== Segment start ==

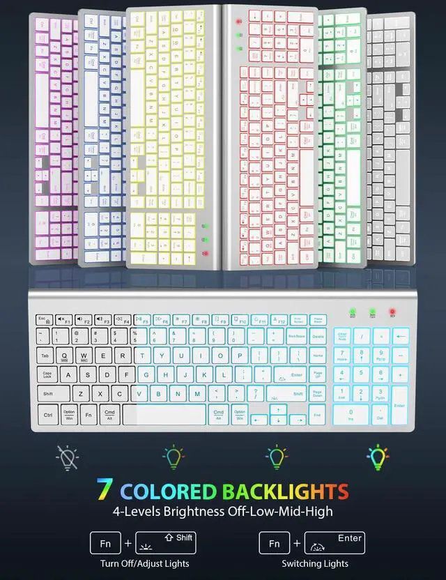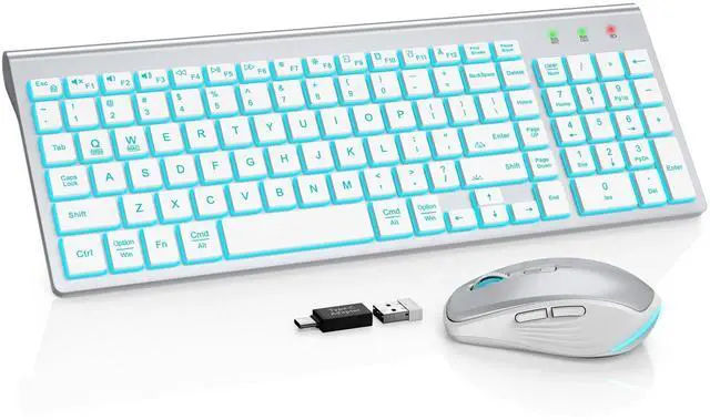 EXPERIENCE THE MAGIC OF COLORS: The wireless keyboard feature a captivating 7-color switchable backlight, and 4 levels of brightness adjustable, while the RGB mouse changes color automatically. Whether it's late-night work or dimly lit environments, the illuminated keys make typing effortless, allowing you to enjoy flexible lighting adjustments according to different moods and atmospheres. ^^
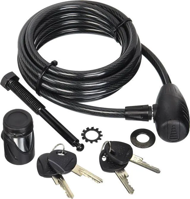 1/2-13 TPI locking threaded hitch pin with keyed alike cable. Can be used on all the following models: HR1000, HR1000R, HR200, HR2500, HR6500, HR8500, HR1460E, HR9200. Can also be used on most other hitch racks using threaded hitch pins.
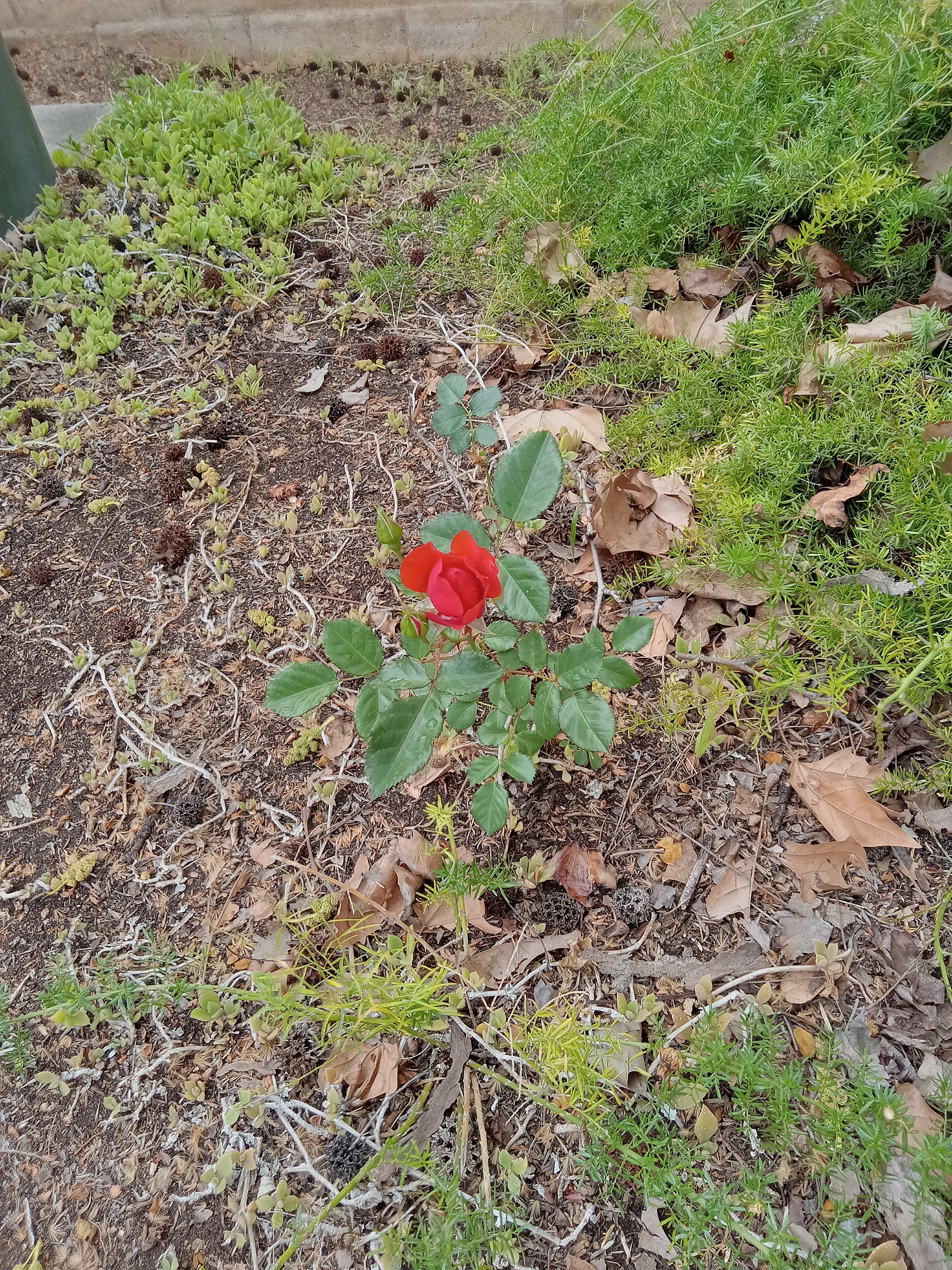 So sad, they should be replaced but if they get new bushes then they'll be mistreated like the old ones have been and .... The red one at the bottom is near the Montbretia and is root stock blooming. No idea what that bush used to be, that's the only flower that's ever bloomed on it since we've been here.
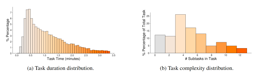 数据集任务统计,时间特征和结构特征:(a)任务完成时间的分布显示,大多数任务的时长处于中等范围,但数据集中也包含大量复杂且长时间跨度的任务。(b)任务复杂度(以每个任务所包含的子任务数量衡量)呈现出较大差异,涵盖了从简单动作到复杂多步骤流程的广泛范围。
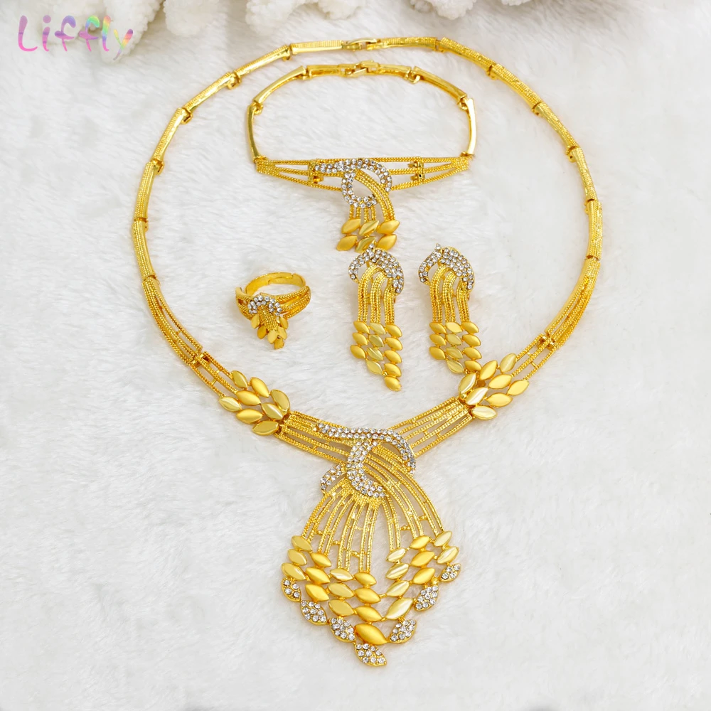 Liffly Свадебные украшения наборы Dubai Gold Цвет комплект ювелирных изделий Цепочки и ожерелья Серьги Браслет для Для женщин Свадебные украшения
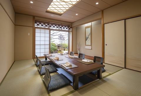 結納やお顔合わせなど晴れの日にぴったりの個室もご用意しております。中庭が見える落ち着いた空間で、大切なひと時をお過ごしください。
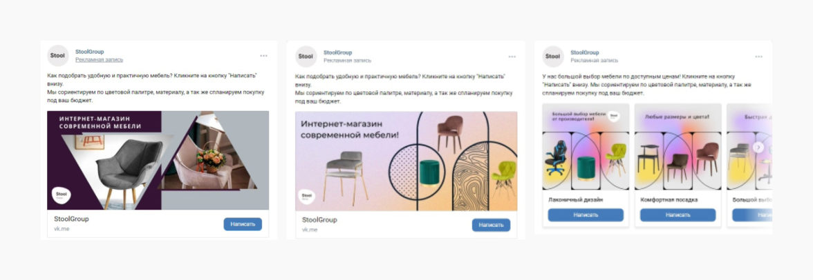 Первое, что мы сделали — подготовили рекламные объявления с дизайнерскими баннерами. Тестировали разные форматы.
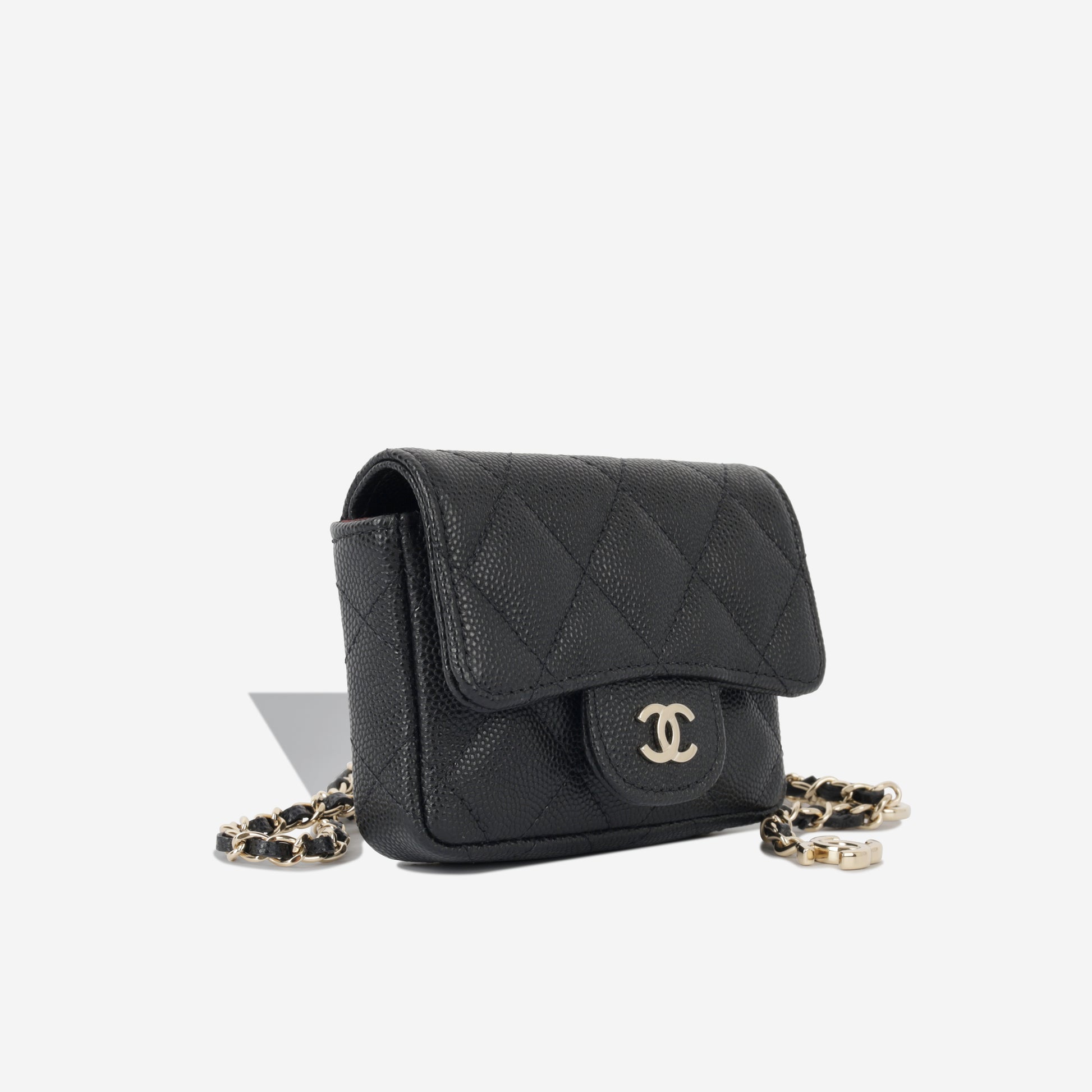 This mini Chanel bumbag is the perfect accessory to amplify all your outfits, day or night, winter or summer. The bag features the coveted caviar leather in black and champagne gold hardware; the classic combination. This is a sweet and modern bag that is functional as well as fashionable.
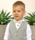 Kamizelka w zieloną pepitkę oraz muszka z tej samej tkaniny co spodnie nadają całości eleganckiego charakteru.
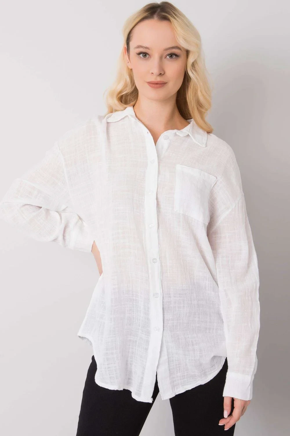 Bavlněná košile volného střihu se zapínáním na knoflíky. Na přední straně našitá kapsa.

== Segment end ==

# WORK REQUEST:
Take the lines from the start of the listing above through the line with "1/2-13 TPI locking", both ends included, and copy them exactly, leaving the pictures behind.

# ANSWER:
 EXPERIENCE THE MAGIC OF COLORS: The wireless keyboard feature a captivating 7-color switchable backlight, and 4 levels of brightness adjustable, while the RGB mouse changes color automatically. Whether it's late-night work or dimly lit environments, the illuminated keys make typing effortless, allowing you to enjoy flexible lighting adjustments according to different moods and atmospheres. ^^
 1/2-13 TPI locking threaded hitch pin with keyed alike cable. Can be used on all the following models: HR1000, HR1000R, HR200, HR2500, HR6500, HR8500, HR1460E, HR9200. Can also be used on most other hitch racks using threaded hitch pins.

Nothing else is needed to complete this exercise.